There are two key differences to note. First, the trigger condition now deploys on pull requests created from branches other than develop. Second, in the deploy script we echo the pull request number to the pr-number file before deploying .#hello-world-pr node.

Additionally, it’s possible to include GitHub actions configuration for deploying a deactivation script when a pull request is closed:

name: Cleanup

on:
  pull_request:
    types:
      - closed
jobs:
  cleanup:
    name: cleanup
    runs-on: [self-hosted]
    steps:
      - uses: actions/checkout@v3
      - name: setup cachix
        uses: cachix/cachix-action@v12
        with:
          name: hello-world-cache
          authToken: ${{ secrets.CACHIX_TOKEN }}
      - uses: webfactory/ssh-agent@v0.7.0
        with:
          ssh-private-key: ${{ secrets.SSH_PRIVATE_KEY }}
      - name: deploy ${{ inputs.branch }}
        run: nix develop -c deploy .#cleanup --skip-checks

However, this is not necessary, as service deactivation will be handled on the server-side.

Server configuration

First, we will need to set up SSL certificates for our subdomains. Since our subdomains are dynamically created, we will use a wildcard cetrificate that can cover any *.sandbox.hello-world-app.com subdomain.
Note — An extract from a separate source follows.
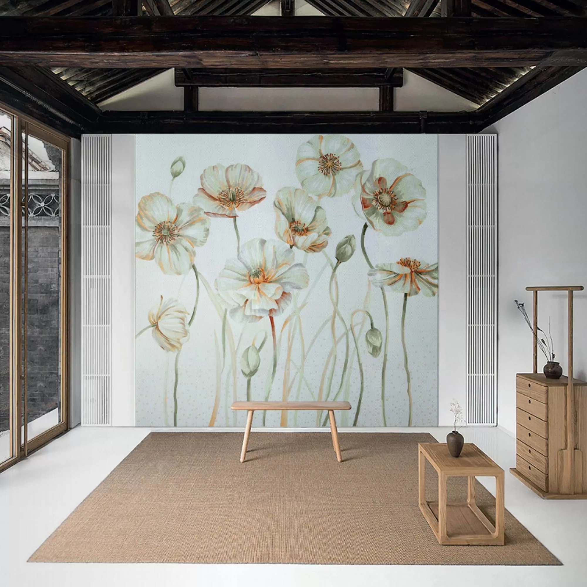 Glasmozaïek Beeld White Poppy 90x240cm

To aquire such a certificate, your DNS provider’s API should support DNS-01 challenge.

We will once again use sops-nix for secrets deployment, but this time we will use NixOS module instead of Home Manager module.
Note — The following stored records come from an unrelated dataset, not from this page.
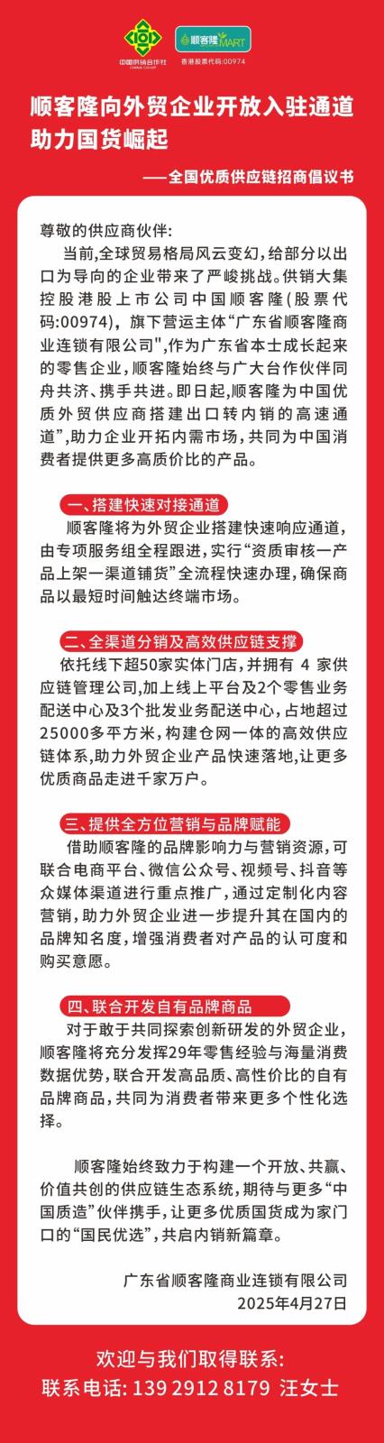 • 順客隆向外貿(mào)企業(yè)開放入駐通道,助力國貨崛起! 2025-04-28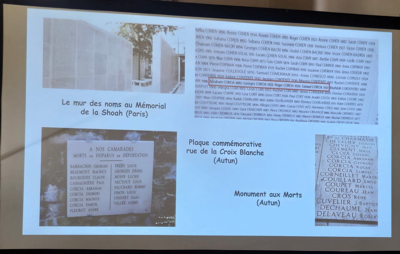Quatre pavés commémoratifs seront posés le 24 février 2027 devant le 9 rue Saint-Christophe à Autun, dernière adresse connue de la famille Corcia. Chaque pavé rendra hommage à l’un des membres de la famille décédés..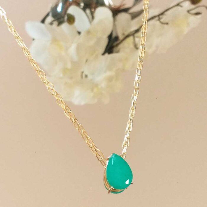 Colar de gota M de zircônia na cor Paraíba Fusion. Peças banhadas em ouro 18k (45 cm + 8 cm extensor)

In ./servers/hello-world-server.nix we add:

sops = {
  defaultSopsFile = ../secrets/secrets.yaml;
  age.keyFile = "/var/lib/sops-nix/key.txt";
};

As before, private age key should be present at age.keyFile.

Now, let’s add our token to .secrets/secrets.yaml, so the unencrypted file would look like this:

dns-provider-token: "<TOKEN>"

Then, we can create a file with <TOKEN> on our server by adding the following to the configuration:

sops.secrets.dns-provider-token = {};

The path of the decrypted token file can be referenced as config.sops.secrets.dns-provider-token.path.
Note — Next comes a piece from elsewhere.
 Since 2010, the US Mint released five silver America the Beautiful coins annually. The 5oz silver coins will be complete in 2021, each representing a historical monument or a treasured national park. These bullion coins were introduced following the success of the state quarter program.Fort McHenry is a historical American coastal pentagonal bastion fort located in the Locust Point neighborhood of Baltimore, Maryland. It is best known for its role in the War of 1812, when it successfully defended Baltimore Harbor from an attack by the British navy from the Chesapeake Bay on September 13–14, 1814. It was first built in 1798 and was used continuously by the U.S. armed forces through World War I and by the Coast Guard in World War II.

Now, we can add the wildcard certificate for sandbox.hello-world-app.com and all its subdomains to the ACME configuration:

security.acme = {
  defaults.email = "contact@hello-world-app.com";
  acceptTerms = true;
  certs."sandbox.hello-world-app.com" = {
    group = "nginx";
    dnsProvider = "godaddy";
    credentialsFile = config.sops.secrets.dns-provider-token.path;
    extraDomainNames = ["*.sandbox.hello-world-app.com"];
  };
};

The next step is to adjust nginx configuration for dynamically deloyed websites. First, we change services.nginx.virtualHosts."sandbox.hello-world-app.com" to use the certificate we just created. Instead of extraConfig.enableACME, we use extraConfig.useACMEHost:

virtualHosts."sandbox.hello-world-app.com" = mkHost {
  port = 3001;
  extraConfig.useACMEHost = "sandbox.hello-world-app.com";
};

Then, add configuration for dynamic deployments in services.nginx.appendHttpConfig:

appendHttpConfig = let
  cert = config.security.acme.certs."sandbox.hello-world-app.com".directory;
in ''
  server {
    listen 0.0.0.0:80;
    listen [::0]:80;
    server_name ~^(pr-([0-9]+)).sandbox.hello-world-app.com;
    location / {
      return 301 https://$host$request_uri;
    }
  }

  server {
    listen 0.0.0.0:443 http2 ssl;
    listen [::0]:443 http2 ssl;
    server_name ~^(pr-(?<pr_number>[0-9]+)).sandbox.hello-world-app.com;

    ssl_certificate ${cert}/fullchain.pem;
    ssl_certificate_key ${cert}/key.pem;
    ssl_trusted_certificate ${cert}/chain.pem;

    location / {
      set_by_lua_block $server_port {
        return 43000 + ngx.var.pr_number % 1000
      }
      proxy_pass http://127.0.0.1:$server_port;
    }
  }
'';

The first server block forces SSL by redirecting all HTTP requests to use HTTPS for any URLs that match the ^(pr-([0-9]+)).sandbox.hello-world-app.com regex. In the second server block, which handles HTTPS connections, we configure our ssl_certificate:

ssl_certificate ${cert}/fullchain.pem;
ssl_certificate_key ${cert}/key.pem;
ssl_trusted_certificate ${cert}/chain.pem;

We capture the pr_number variable in our ^(pr-(?<pr_number>[0-9]+)).sandbox.hello-world-app.com regex. To calculate the port based on pr_number, we use a code block provided by the lua module:

set_by_lua_block $server_port {
  return 43000 + ngx.var.pr_number % 1000
}

This follows the same logic as on the website part: we take pull request number modulo 1000 and add it to initial port of 43000 to calculate the $server_port variable which then used in the proxy_pass.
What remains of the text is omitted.